TASK BRIEF –
All of the data below should come back exactly as written, minus its images.

SOURCE MATERIAL below:

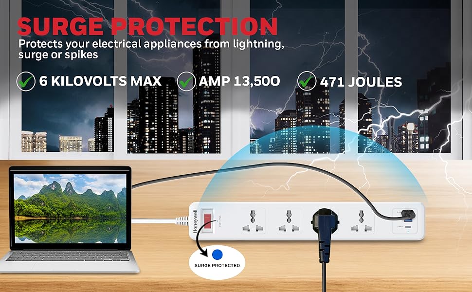- Protect your electric devices from power surges & current spikes(6KV Max) of upto 471J/13,500Amp
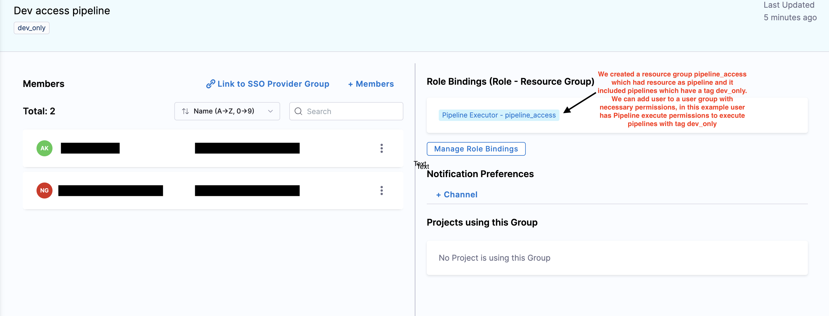 Now, you can give users the required access by adding users to a user group and assigning permissions to the resource groups. For example, you can create a user group for developers that will have Pipeline Executor access to this Resource group. This will ensure that all users in this group have access to pipelines tagged with type: dev_only. Also if you want to remove a certain pipeline from the resource group all you need to do is remove the tag and it will automatically get removed from that particular Resource Group without a need to edit the Resource Group.
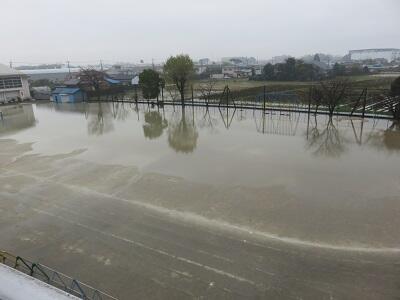 昨夜からの大雨で、校庭が湖のようになってしまいました。教室から校庭を見ていた南小っ子が「うみだー!」と叫んでいました。水はけがいいと言われていた本校の校庭。昼になっても一向に水が引きません。おかしい?と思い、再度、フェンス沿いの側溝を調べ、2mの金属棒でかきまわしてみると・・・
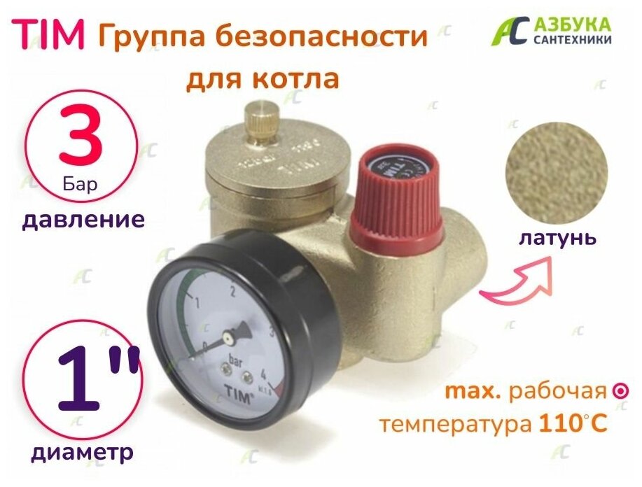 Type: for boiler, equipment: manometer, material: brass, system connection thread diameter, inch: 1, system connection thread type: internal, system maximum operating temperature: 110 °C, maximum working
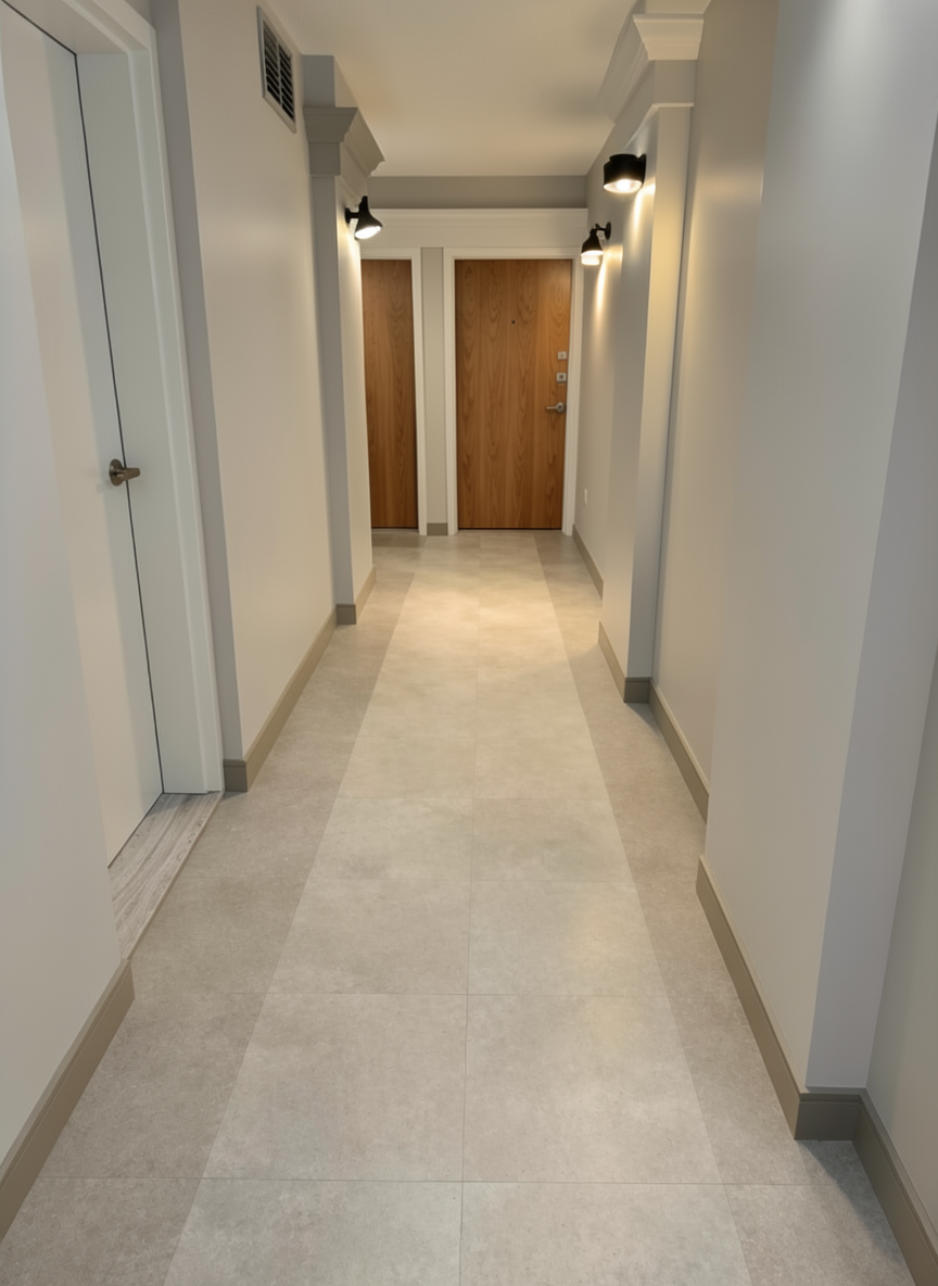 replace existing light fixtures with new modern ones in neutral light tones with clean square lines in same locations as existing lights enhance lighting and overall mood do not change any other finishes

End of SOURCE MATERIAL.

OUTPUT –
- Protect your electric devices from power surges & current spikes(6KV Max) of upto 471J/13,500Amp
 Now, you can give users the required access by adding users to a user group and assigning permissions to the resource groups. For example, you can create a user group for developers that will have Pipeline Executor access to this Resource group. This will ensure that all users in this group have access to pipelines tagged with type: dev_only. Also if you want to remove a certain pipeline from the resource group all you need to do is remove the tag and it will automatically get removed from that particular Resource Group without a need to edit the Resource Group.
 昨夜からの大雨で、校庭が湖のようになってしまいました。教室から校庭を見ていた南小っ子が「うみだー!」と叫んでいました。水はけがいいと言われていた本校の校庭。昼になっても一向に水が引きません。おかしい?と思い、再度、フェンス沿いの側溝を調べ、2mの金属棒でかきまわしてみると・・・
 Type: for boiler, equipment: manometer, material: brass, system connection thread diameter, inch: 1, system connection thread type: internal, system maximum operating temperature: 110 °C, maximum working
 replace existing light fixtures with new modern ones in neutral light tones with clean square lines in same locations as existing lights enhance lighting and overall mood do not change any other finishes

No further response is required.